Loved it. Awesome article. I’ve used puppeteer for automations like this before but it’s usually an overkill. I’ll try to replicate this by building a bot for React :) Thank you for the article.

 

Thanks for the kind words; all the best with your bot!

 

Bot up and running on azure as well. The twitter profile is twitter.com/TheReactDev. I'll wrap it up tomorrow and put the code on GitHub. This stuff is fun!

One thing to note is that checking the extended_url didn't worked for me. Sometimes the twitter api handles me a twitter.com link instead of a dev.to link. Any ideas on why?

Do you mean the expanded_url in tweet.entities.urls? I didn't have this problem 🤔. If you get stuck feel free to put your code on GitHub and I'm happy to take a look!

@frontendwizard Just saw your React bot - it looks great! Especially like how you turned the dev.to tags into Twitter hashtags. Great work.

Thanks. Yeah, I mean the tweet.entities.urls. For some posts it does not return the dev.to url but instead returns a twitter.com link to the own link. I ended up fetching the tweets on extended mode and checking the title + author on the full_text. Not great but, it works.

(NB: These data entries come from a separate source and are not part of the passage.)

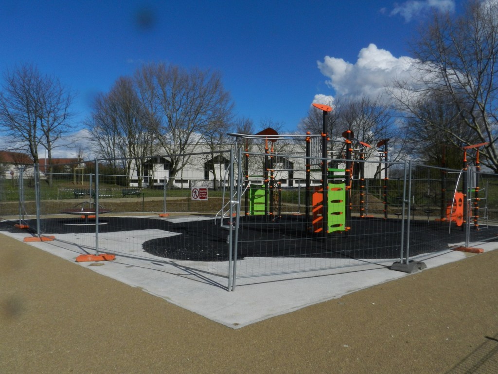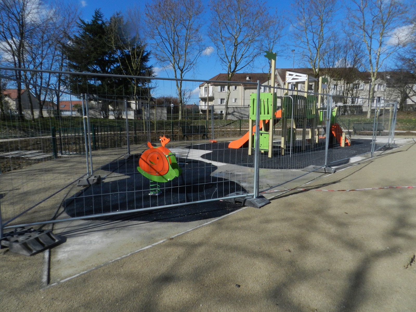 En troisième lieu, on s’interrogera sur la raison de l’absence d’étalement d’une couche continue au niveau des aires de jeux… À croire qu’ils n’avaient pas assez de matière… Mais peut-être qu’une autre couche d’une autre matière est attendue ?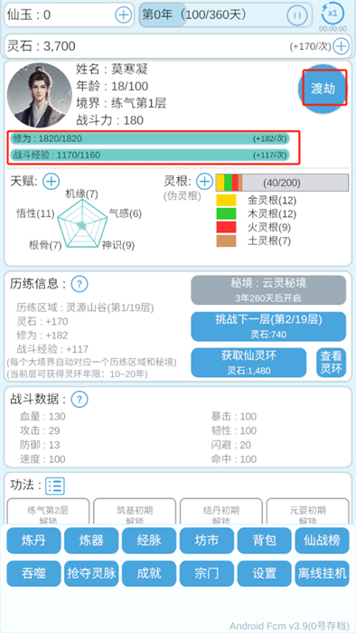 3、屏幕之中人物的修为以及战斗经验会随着时间自动变化,当绿色进度条全填充满之后,玩家需要点击“渡劫”按钮以开启渡劫;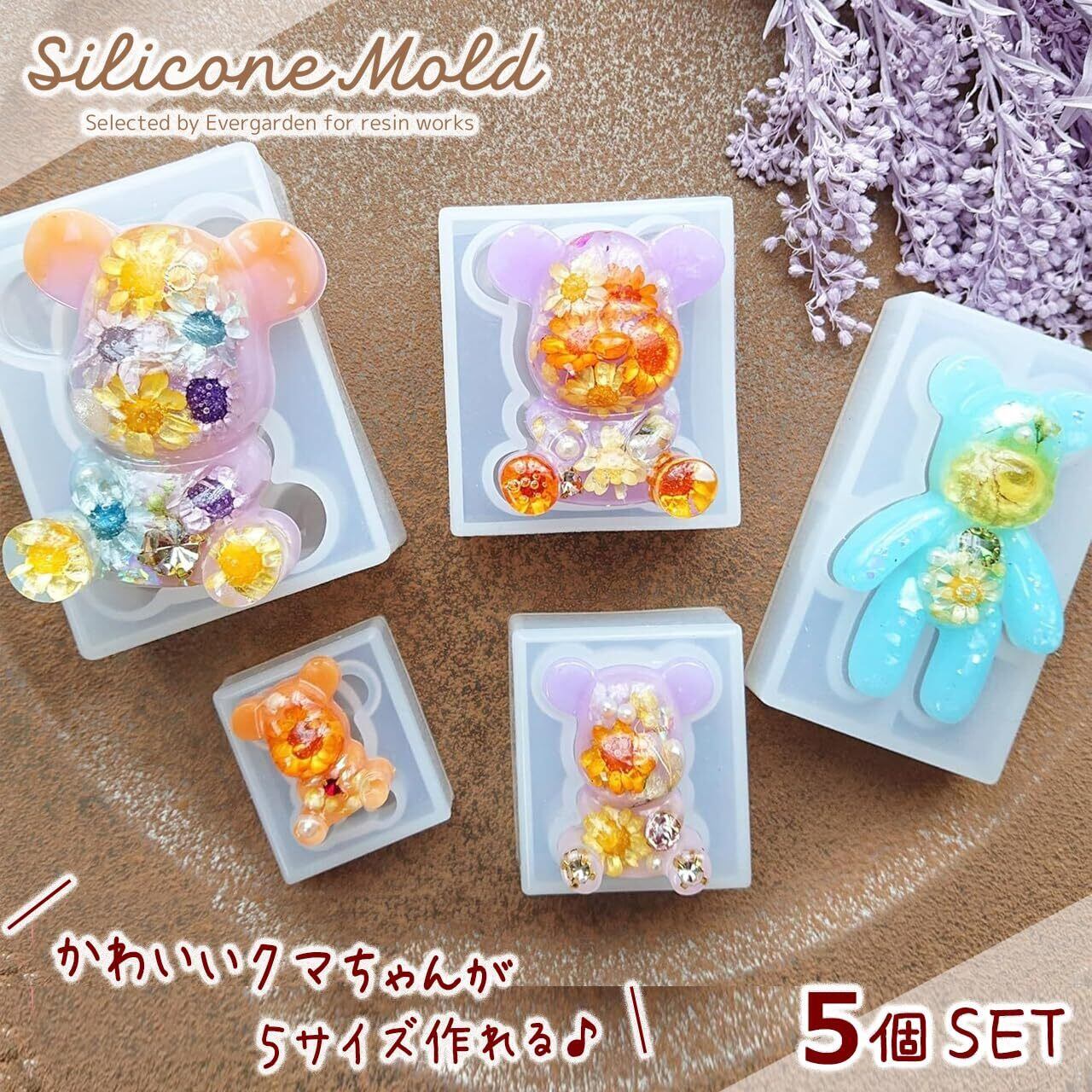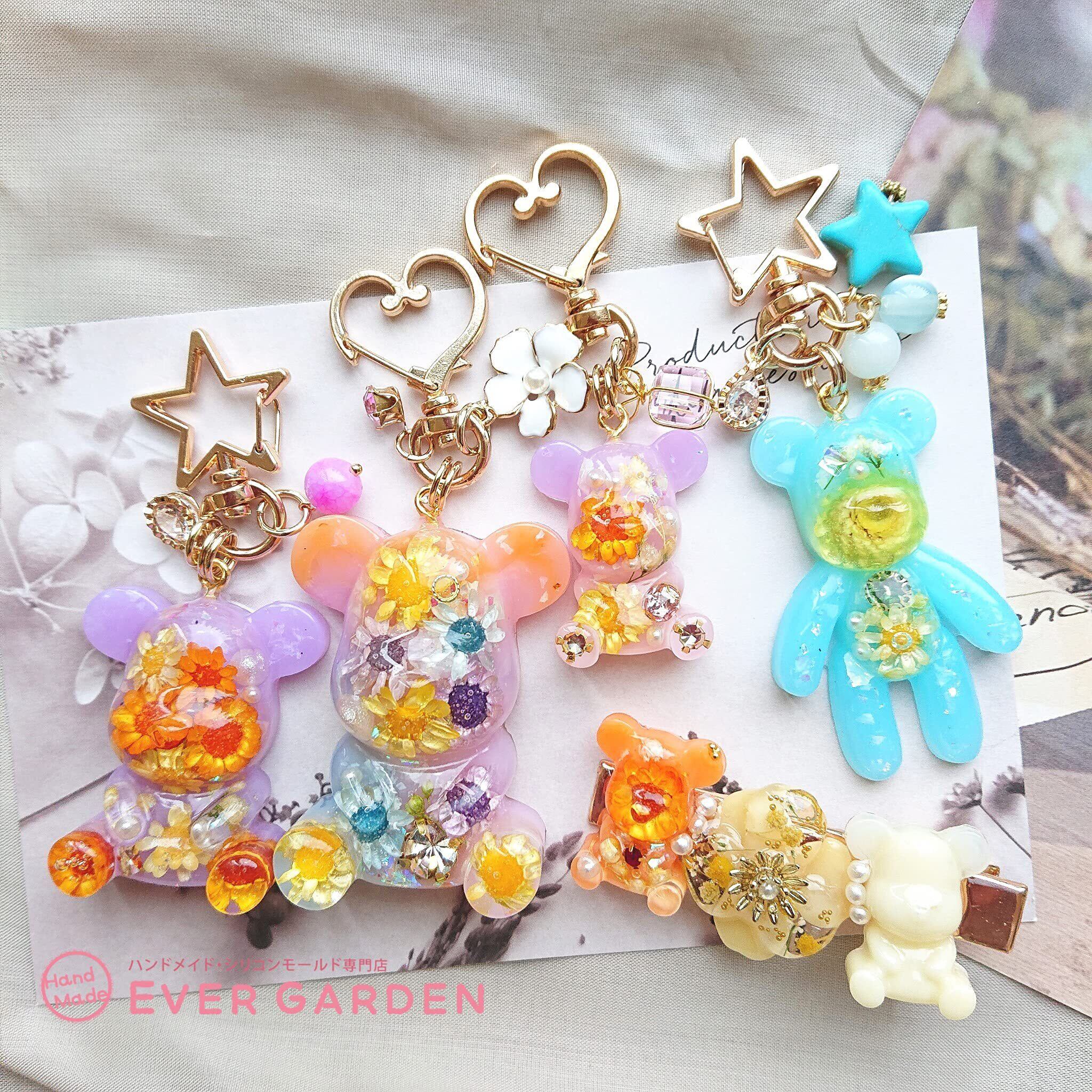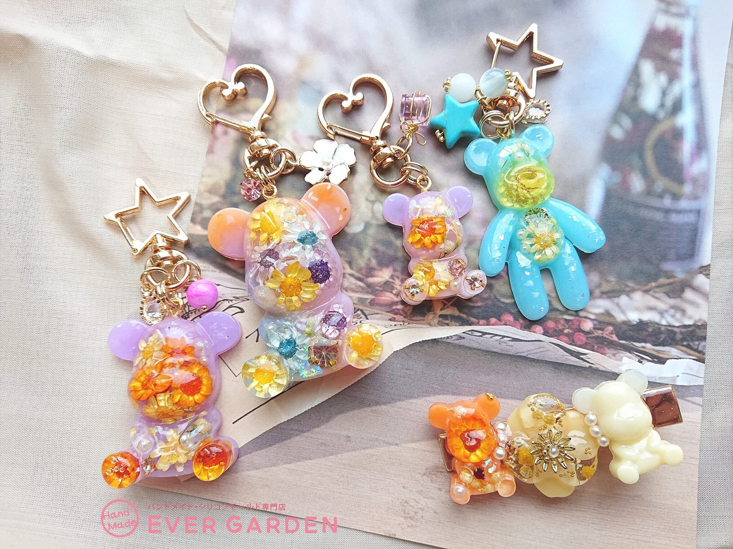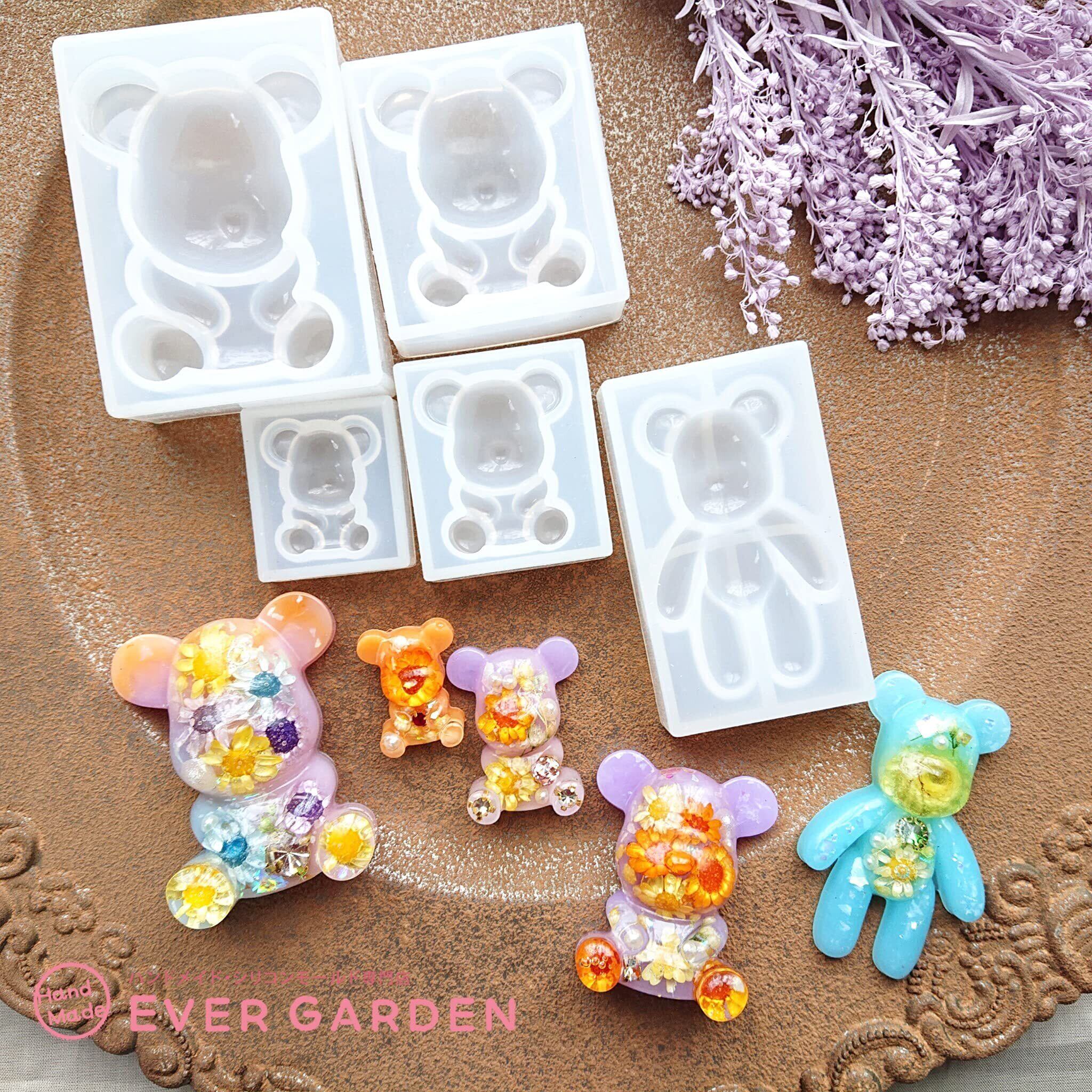 【Ever garden】 シリコンモールド くま 5個セット レジン 鏡面仕上 アクセサリー パーツ 作成 ネックレス イヤリング ピアス ペンダント キーホルダー シリコン モールド シリコン型 型 型抜き 抜き型 キット 道具 手作り 熊 クマ 動物

I found the problem. You have to ask for the tweets with tweet_mode: "extended" on the statuses/user_timeline endpoint, otherwise you don't always get the posted url. Might be a quirk of the twitter API, I'm not sure about it. Was writing about this when I finally understood the behavior. That's why writing about what you're doing is so important! 😄

 

Thank you for this!

 

I was surprised to seeing this. idea is awesome

 

Great job not just on the idea, but bringing it to life! Proof its working:

 

An RSS feed! An RSS feed! My kingdom for an RSS feed!